Problem statement:
With the pictures left out, write out exactly the lines of the listing below that run from the line with "- 😄EFFORTLESS COOKING" through the line with "Lantern Woods are".

Available data:
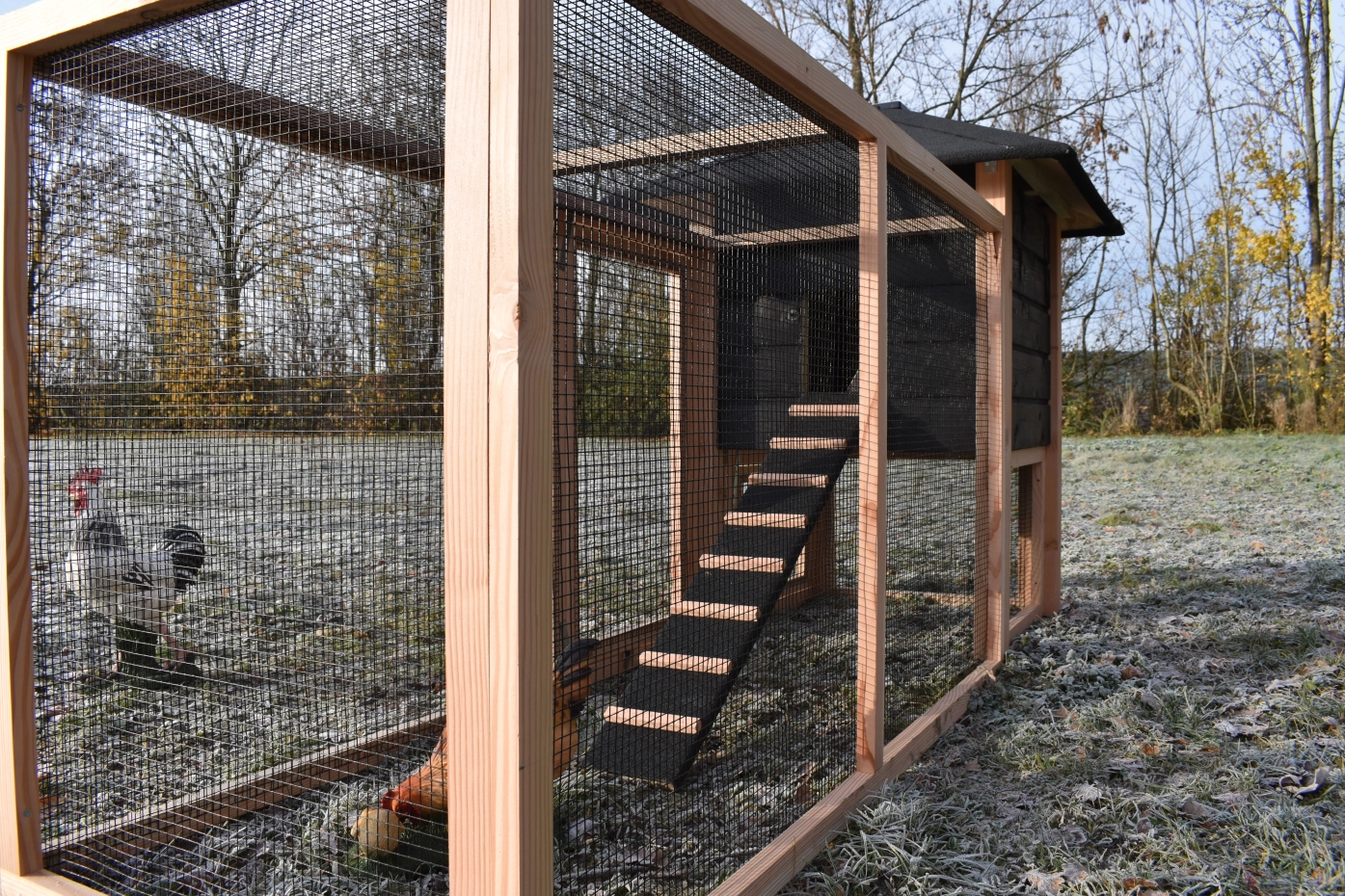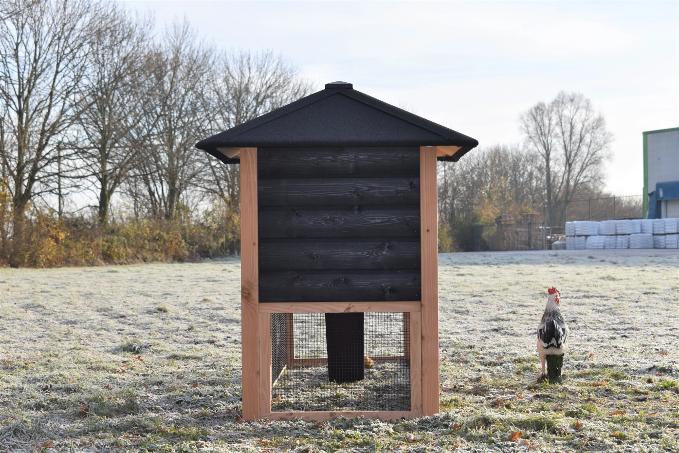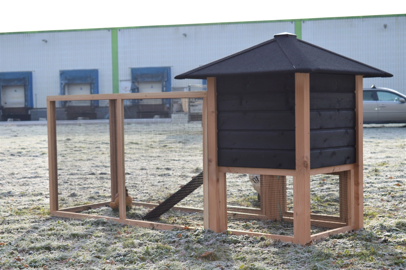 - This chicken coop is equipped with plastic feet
...
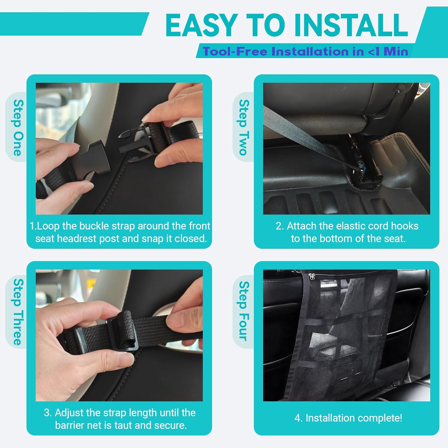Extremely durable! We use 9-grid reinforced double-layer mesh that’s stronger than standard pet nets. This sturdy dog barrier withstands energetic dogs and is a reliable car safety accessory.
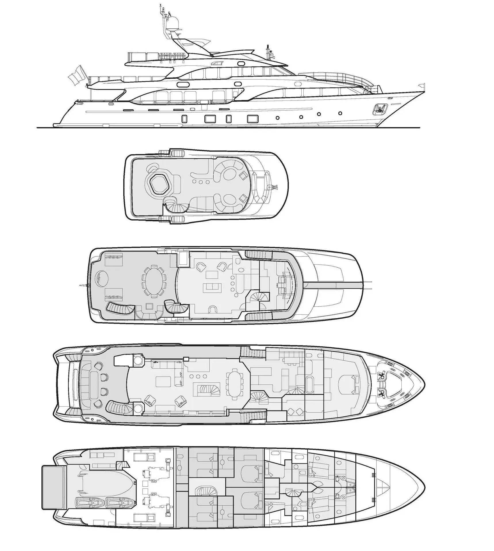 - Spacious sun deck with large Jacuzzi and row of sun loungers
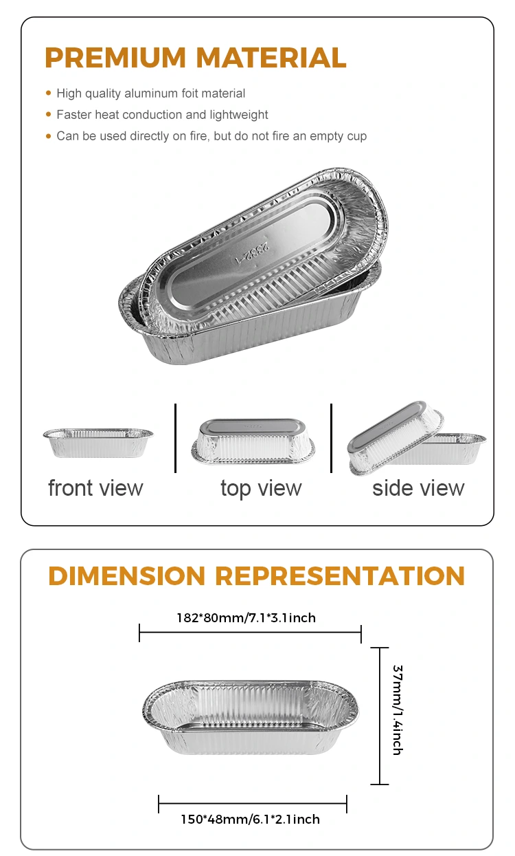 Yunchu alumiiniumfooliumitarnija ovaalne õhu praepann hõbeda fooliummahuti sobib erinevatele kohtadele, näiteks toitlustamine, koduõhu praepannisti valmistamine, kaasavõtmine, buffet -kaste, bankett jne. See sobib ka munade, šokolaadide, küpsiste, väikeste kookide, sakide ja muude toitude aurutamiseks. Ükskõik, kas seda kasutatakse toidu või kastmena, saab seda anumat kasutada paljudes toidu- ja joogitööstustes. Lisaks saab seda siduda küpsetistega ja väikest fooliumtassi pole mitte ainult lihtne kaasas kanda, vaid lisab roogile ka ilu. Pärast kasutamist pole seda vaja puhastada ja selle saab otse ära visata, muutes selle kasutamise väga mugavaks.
...
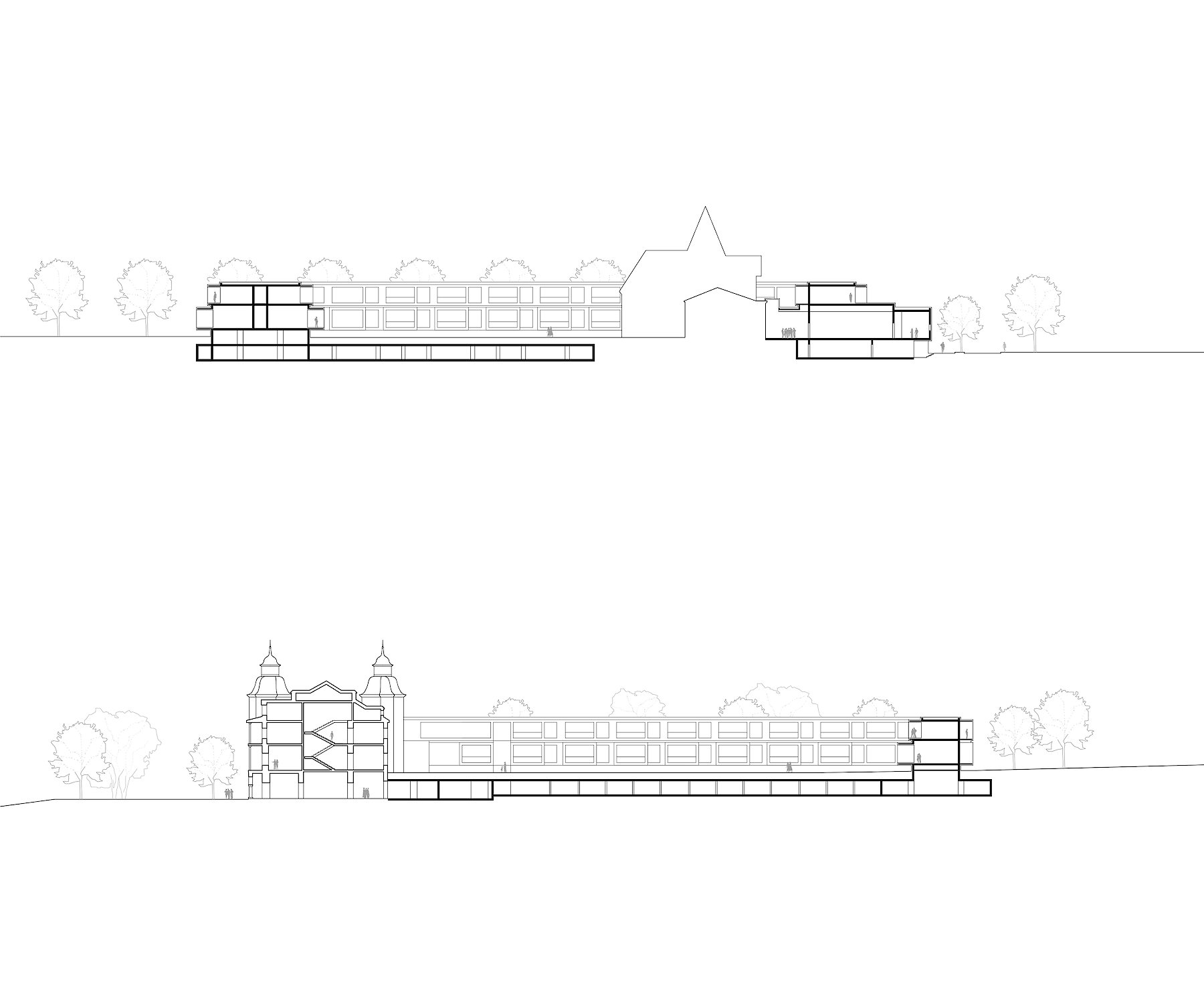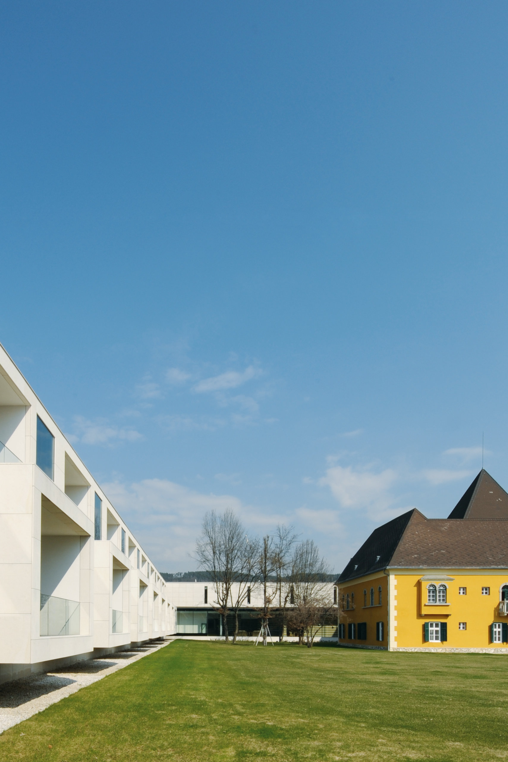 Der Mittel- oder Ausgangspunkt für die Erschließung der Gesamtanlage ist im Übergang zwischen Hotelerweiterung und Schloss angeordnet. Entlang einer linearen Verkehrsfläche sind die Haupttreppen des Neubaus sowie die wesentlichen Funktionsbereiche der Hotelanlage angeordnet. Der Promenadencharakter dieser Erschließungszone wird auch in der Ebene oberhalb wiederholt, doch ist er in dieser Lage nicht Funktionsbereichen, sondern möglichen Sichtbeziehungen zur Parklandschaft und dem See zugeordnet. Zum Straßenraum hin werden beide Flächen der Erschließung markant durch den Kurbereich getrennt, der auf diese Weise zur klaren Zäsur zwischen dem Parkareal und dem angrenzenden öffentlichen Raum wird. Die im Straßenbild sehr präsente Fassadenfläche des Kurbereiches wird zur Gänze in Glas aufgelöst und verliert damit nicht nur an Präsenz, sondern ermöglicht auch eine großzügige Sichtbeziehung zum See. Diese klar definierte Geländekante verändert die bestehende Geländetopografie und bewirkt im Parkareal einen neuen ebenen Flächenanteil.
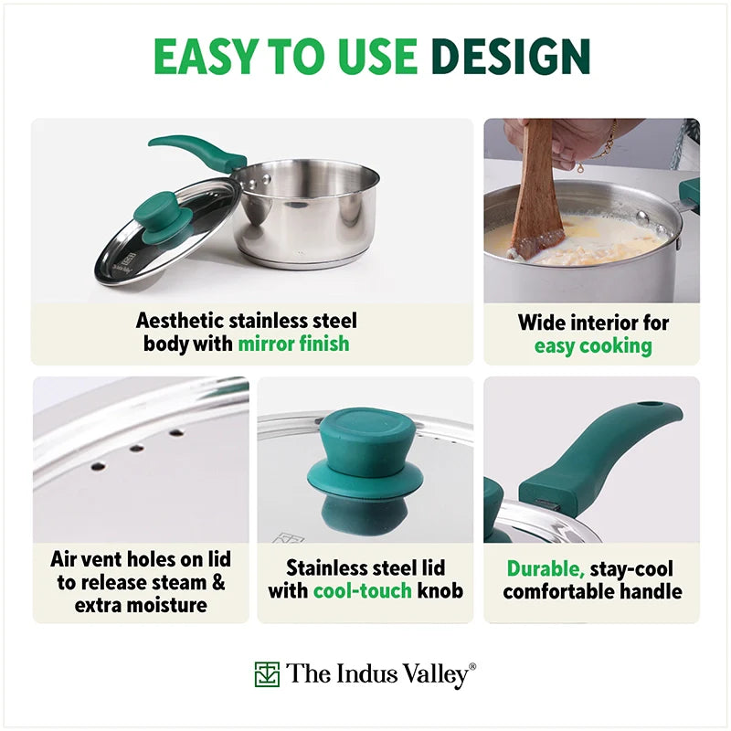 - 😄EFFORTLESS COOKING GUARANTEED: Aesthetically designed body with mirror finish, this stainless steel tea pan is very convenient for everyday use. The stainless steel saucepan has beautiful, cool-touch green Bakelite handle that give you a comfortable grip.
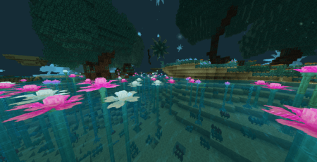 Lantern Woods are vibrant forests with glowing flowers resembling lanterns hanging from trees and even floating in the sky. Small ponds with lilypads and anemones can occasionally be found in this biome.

Answer space:
 - 😄EFFORTLESS COOKING GUARANTEED: Aesthetically designed body with mirror finish, this stainless steel tea pan is very convenient for everyday use. The stainless steel saucepan has beautiful, cool-touch green Bakelite handle that give you a comfortable grip.
 Lantern Woods are vibrant forests with glowing flowers resembling lanterns hanging from trees and even floating in the sky. Small ponds with lilypads and anemones can occasionally be found in this biome.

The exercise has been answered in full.